結果「虹の彼方に」はアカデミー歌曲賞を受賞して大ヒットし、歌ったジュディ・ガーランドにとっても自らのトレードマーク、テーマソングとも言うべきナンバーとなって、以後の彼女の生涯を通じての持ち歌となった。ジュディが1961年のカーネギー・ホールでのソロ・コンサートで歌ったライブ・バージョンは、ことに名唱とされている。】
…すごい話ですね。
ちなみに2001年に全米レコード協会が発表した「20世紀の歌」365曲のうち、堂々の1位を獲得したそうです。

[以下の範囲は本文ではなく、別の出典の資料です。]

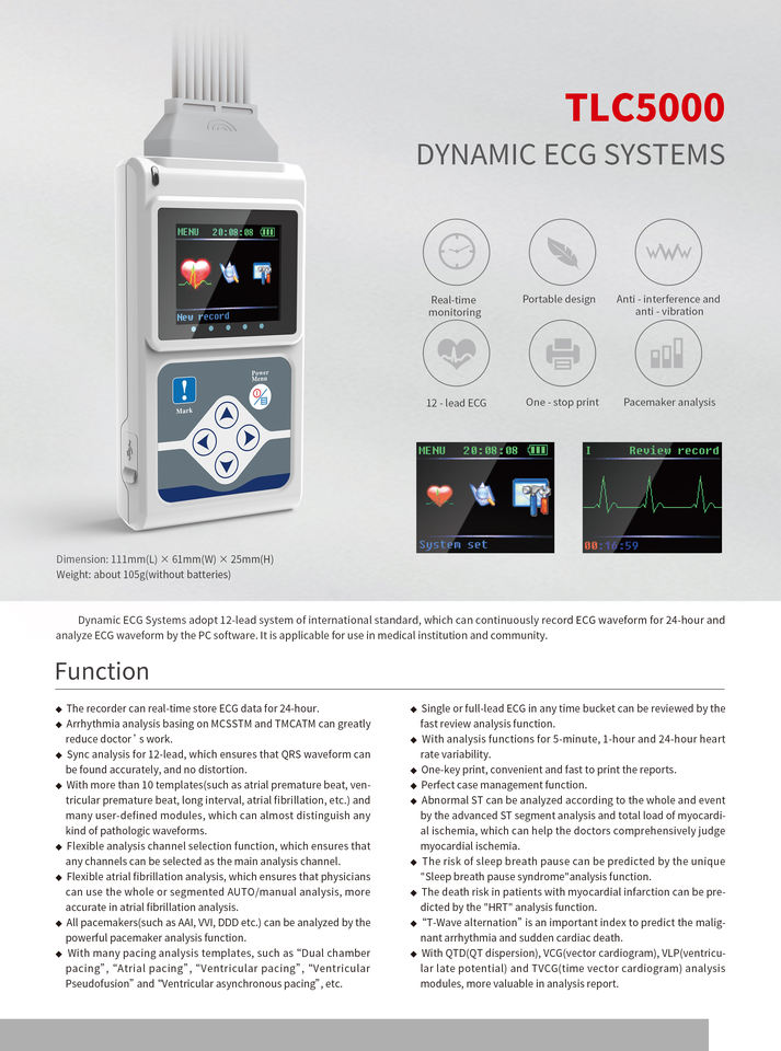 Moniteur vétérinaire ZY-TLC5000 à prix d'usine 12 fils système ECG dynamique 48 heures Holter ECG portable appareil médical domestique
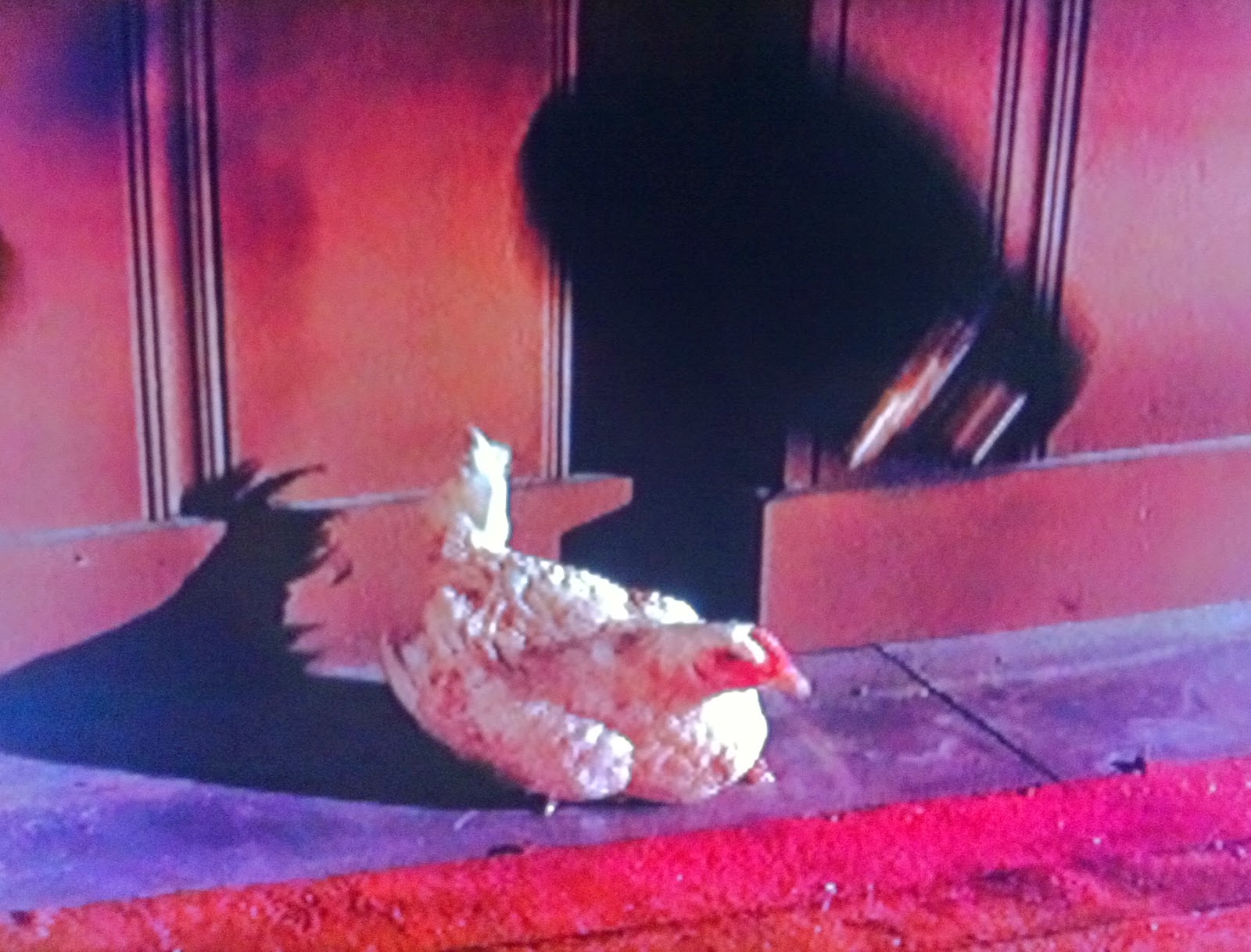 If you guessed downstairs to Corporal Agarn, well, too bad there isn't a prize involved. The Captain's hat appearing to travel down the stairs by itself--just what Randolph needs to see in his current mental state. If Count Sforza "turned his brother into a crow", then he must have just turned Parmenter into a chicken! A deed most fowl, eh?

私にとっては、30分ぐらいの短い“光の芸術”“虹のショウタイム”でしたが、
最後に、こんなシーンを撮影できました。

画像

オーバー・ザ・レインボー=虹の彼方に」の最後の詩は…
♪“Somewhere over the rainbow Bluebirds fly Birds fly over the rainbow Why then , on why
can't I ”
日本語訳では“虹の向こうのどこかに 青い鳥は飛ぶ 虹を超える鳥たち 僕も飛んで行くよ”♪
さて、虹から“青い鳥”に話になったので、「チルチルとミチル」で有名なメーテルリンクの“青い鳥”について、調べてみました。なんと、“青い鳥”は“山鳩”だというのです。
私が撮影したのも山鳩のような気がしています。
この童話は、貧しい家に育ったチルチルとミチルの兄妹が幸せを招くという“青い鳥”を探しに旅に出る話ですが、“青い鳥”を見つける事ができず疲れはてて家に帰り、眠りから覚めると家で飼っていた山鳩が“青い鳥”になっていたという物語でした。話のテーマは、“幸せて”身近な所にあって、それを大切にする事を教えているのです。
欲深い私たち人間にとって本当の幸せって、何だろうか?
改めて虹の写真を見ながら・・・考えてしまいました。

画像


2012年9月19日 改訂9月25日

この記事へのコメント

パソオ
2013年03月14日 06:40
素晴らしい“光の芸術”。
二重虹や山鳩・・・自然を大切にしている八ヶ岳ファンタジーさんへの自然界からの素敵なプレゼントですね。
流石! 映像のプロが撮った芸術作品でもあります。